Furthermore, as shown in FIG. 16A, the application scanning service system 100 can generate data category modification(s) 1616 from a comparison of analysis data object(s) between the application code scans of the application code versions. For instance, the application scanning service system 100 can utilize changes in data processing activity component(s) between application code versions to detect changes in data categories. For example, the application scanning service system 100 can determine, as a data category modification, that a new data category corresponds to the application code (due to an addition of one or more data processing activity components). In some cases, the application scanning service system 100 detects, as a data category modification, that an existing data category no longer applies to the application code (due to a removal of one or more data processing activity components).

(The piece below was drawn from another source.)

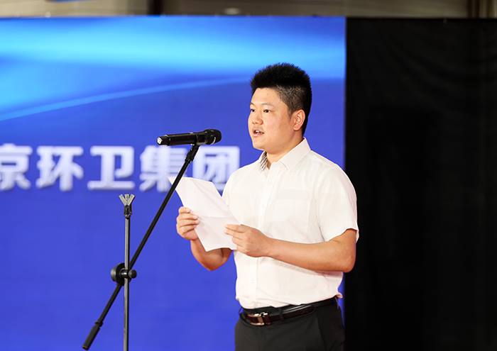 熊猫体育足球队队员代表、固废物流公司员工王洋发言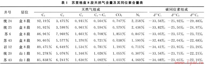 具體證據(jù)為:①盒8段與下伏烴源巖發(fā)育的山西-本溪組的氣層壓力仍基本相似,均屬于異常低壓;②盒8段儲層含氣飽和度與地層壓力系數(shù)的關(guān)系也不明顯;③該區(qū)內(nèi)盒8段天然氣組成和碳同位素與下伏山西組基本相似(表1)。

In some aspects, the application scanning service system 100 can detect that a change in a definition, functionality, and/or data type associated with a data processing activity component (present in the application code) to determine a data category modification. For instance, upon detecting a change in definition, functionality, and/or data type within a data processing activity component, the application scanning service system 100 can determine that a particular data category does not apply to the application code (or the data processing activity component). As a result, the application scanning service system 100 can remove and/or add of a data category for the data processing activity component (as a data category modification) based on the change in a definition, functionality, and/or data type associated with a data processing activity component (between application code versions).


In some cases, the application scanning service system 100 can determine a data processing activity component modification and/or data category modification based on a particular detector specification or detector group. In particular, upon determining that a particular detector specification or detector group matches to a data processing activity component, the application scanning service system 100 can determine an addition of a data processing activity component (in a new version of the application code). Furthermore, the application scanning service system 100 can determine that an addition of a data category associated with the detector specification or detector group due to the match. Moreover, in some instances, upon determining that a particular detector specification or detector group no longer matches to data processing activity component, the application scanning service system 100 can determine a removal of a data processing activity component and/or data category associated with the particular detector specification or detector group.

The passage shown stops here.